[Items from a dataset]
=== Section Start ===

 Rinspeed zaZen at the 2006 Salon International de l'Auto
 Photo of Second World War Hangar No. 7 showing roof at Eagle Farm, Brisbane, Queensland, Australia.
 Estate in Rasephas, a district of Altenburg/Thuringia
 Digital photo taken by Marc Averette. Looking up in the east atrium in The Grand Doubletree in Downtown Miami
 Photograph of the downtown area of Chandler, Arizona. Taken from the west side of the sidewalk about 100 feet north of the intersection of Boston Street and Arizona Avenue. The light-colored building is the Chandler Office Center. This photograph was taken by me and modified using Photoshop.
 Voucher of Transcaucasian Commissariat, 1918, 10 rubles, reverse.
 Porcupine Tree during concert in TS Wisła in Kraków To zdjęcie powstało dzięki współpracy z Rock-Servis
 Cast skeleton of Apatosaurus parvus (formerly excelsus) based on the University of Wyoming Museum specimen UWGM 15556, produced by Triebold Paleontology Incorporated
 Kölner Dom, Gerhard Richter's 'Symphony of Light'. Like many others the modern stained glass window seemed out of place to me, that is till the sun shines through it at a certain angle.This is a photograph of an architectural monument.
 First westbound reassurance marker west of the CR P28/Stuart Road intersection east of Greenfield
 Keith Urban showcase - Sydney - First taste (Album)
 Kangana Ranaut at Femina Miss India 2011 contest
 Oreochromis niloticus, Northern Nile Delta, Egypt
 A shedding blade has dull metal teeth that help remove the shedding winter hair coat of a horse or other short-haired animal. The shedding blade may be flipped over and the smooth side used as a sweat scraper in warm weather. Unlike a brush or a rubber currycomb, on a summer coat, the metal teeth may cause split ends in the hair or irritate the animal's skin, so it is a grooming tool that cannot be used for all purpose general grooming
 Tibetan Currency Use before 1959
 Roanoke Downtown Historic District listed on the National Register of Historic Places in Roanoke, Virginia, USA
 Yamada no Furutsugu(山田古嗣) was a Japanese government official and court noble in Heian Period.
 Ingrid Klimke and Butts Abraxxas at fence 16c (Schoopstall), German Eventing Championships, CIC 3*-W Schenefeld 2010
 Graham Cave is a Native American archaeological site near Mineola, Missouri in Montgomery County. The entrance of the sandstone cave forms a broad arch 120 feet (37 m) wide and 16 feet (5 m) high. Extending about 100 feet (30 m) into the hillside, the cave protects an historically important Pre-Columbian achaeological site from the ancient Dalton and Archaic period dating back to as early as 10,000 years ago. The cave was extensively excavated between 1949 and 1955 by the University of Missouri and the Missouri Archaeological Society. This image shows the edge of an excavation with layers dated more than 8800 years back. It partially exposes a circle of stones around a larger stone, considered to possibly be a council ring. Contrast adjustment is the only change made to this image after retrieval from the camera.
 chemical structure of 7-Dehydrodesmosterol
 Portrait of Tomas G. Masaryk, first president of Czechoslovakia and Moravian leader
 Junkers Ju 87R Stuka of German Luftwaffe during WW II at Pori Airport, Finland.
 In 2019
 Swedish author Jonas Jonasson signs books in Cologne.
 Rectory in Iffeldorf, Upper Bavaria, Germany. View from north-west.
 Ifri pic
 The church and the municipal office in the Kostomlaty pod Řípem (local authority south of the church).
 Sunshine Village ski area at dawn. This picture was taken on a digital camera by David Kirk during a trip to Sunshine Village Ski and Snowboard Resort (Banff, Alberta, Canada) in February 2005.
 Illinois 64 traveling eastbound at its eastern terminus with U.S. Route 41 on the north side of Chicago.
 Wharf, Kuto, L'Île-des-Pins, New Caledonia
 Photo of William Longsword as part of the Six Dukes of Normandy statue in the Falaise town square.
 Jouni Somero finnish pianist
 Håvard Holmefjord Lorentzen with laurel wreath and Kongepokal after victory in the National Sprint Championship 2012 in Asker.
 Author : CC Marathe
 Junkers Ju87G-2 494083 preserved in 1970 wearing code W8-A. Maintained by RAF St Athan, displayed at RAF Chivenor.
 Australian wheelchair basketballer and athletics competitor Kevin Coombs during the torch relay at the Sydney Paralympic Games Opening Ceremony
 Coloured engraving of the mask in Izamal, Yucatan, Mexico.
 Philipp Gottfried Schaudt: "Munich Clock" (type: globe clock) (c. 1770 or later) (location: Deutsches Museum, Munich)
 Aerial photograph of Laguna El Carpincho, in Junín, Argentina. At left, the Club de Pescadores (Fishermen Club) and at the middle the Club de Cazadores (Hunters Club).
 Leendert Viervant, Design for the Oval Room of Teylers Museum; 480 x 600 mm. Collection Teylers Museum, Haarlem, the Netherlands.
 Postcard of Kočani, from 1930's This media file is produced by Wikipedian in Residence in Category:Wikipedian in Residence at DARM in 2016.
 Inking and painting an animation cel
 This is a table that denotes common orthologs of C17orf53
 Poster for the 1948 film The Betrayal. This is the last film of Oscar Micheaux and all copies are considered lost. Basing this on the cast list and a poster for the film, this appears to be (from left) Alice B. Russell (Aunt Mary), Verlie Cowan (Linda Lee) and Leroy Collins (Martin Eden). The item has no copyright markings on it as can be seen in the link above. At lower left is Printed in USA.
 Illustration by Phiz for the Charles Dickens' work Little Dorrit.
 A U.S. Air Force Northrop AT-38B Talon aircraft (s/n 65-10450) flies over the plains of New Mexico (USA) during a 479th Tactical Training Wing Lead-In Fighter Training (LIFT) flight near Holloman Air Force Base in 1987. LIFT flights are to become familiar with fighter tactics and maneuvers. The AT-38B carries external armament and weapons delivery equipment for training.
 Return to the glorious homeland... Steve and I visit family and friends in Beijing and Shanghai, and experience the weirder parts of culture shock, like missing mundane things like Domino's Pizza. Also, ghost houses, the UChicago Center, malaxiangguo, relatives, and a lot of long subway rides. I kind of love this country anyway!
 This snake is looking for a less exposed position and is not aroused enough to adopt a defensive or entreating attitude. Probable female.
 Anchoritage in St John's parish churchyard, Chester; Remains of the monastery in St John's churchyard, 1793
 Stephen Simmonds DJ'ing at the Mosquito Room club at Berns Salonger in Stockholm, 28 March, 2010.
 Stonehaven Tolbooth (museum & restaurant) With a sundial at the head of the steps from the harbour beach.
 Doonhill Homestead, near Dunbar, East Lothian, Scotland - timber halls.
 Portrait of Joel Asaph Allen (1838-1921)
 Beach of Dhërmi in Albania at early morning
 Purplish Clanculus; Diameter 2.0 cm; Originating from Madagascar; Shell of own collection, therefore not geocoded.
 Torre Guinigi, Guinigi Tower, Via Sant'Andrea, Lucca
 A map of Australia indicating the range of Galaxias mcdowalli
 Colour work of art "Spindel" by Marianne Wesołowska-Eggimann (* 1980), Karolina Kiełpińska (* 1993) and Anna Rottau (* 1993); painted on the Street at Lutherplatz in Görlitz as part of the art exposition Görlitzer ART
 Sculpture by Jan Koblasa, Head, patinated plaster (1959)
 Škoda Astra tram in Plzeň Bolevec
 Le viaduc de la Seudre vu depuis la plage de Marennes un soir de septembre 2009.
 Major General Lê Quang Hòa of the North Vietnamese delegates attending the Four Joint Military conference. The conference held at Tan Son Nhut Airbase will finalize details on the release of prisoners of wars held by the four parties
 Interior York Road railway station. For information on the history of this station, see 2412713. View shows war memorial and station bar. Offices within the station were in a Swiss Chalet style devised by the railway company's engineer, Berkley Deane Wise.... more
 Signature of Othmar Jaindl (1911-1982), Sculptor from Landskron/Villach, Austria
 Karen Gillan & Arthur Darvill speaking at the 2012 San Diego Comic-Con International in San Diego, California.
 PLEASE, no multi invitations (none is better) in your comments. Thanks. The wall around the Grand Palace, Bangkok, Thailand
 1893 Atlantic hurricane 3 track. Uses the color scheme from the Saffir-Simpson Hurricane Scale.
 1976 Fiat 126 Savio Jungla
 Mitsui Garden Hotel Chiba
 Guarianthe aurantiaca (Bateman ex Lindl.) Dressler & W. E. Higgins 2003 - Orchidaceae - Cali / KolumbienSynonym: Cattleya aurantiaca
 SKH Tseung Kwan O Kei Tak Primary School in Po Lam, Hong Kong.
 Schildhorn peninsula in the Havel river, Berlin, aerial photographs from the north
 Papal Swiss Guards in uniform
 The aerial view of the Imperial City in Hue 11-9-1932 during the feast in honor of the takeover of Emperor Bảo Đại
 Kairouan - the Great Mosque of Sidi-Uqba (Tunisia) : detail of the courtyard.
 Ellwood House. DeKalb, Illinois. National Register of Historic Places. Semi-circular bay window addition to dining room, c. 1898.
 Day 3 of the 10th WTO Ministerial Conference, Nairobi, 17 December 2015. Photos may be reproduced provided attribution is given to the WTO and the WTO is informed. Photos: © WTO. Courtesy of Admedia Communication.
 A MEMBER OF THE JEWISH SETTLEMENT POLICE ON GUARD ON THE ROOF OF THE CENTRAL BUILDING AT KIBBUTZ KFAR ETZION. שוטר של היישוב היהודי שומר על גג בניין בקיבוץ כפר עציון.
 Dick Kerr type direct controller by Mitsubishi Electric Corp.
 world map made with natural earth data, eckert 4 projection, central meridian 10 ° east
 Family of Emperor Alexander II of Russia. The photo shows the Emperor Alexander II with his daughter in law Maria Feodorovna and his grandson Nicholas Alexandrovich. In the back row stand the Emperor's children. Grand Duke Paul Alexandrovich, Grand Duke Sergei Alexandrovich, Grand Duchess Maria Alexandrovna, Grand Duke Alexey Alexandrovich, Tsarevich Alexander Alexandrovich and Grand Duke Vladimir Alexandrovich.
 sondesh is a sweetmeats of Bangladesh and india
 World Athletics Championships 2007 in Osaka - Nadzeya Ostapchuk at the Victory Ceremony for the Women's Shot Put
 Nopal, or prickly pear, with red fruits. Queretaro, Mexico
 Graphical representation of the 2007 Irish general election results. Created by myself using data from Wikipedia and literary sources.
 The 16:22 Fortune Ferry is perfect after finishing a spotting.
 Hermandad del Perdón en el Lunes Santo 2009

=== Section End ===

▸ WHAT THIS TASK INVOLVES:
Look above for the line holding "Mitsui Garden Hotel Chiba" and the line holding "Papal Swiss Guards in uniform", then output exactly those two lines and every line between them, nothing more.

▸ SOLUTION TO THE EXERCISE:
 Mitsui Garden Hotel Chiba
 Guarianthe aurantiaca (Bateman ex Lindl.) Dressler & W. E. Higgins 2003 - Orchidaceae - Cali / KolumbienSynonym: Cattleya aurantiaca
 SKH Tseung Kwan O Kei Tak Primary School in Po Lam, Hong Kong.
 Schildhorn peninsula in the Havel river, Berlin, aerial photographs from the north
 Papal Swiss Guards in uniform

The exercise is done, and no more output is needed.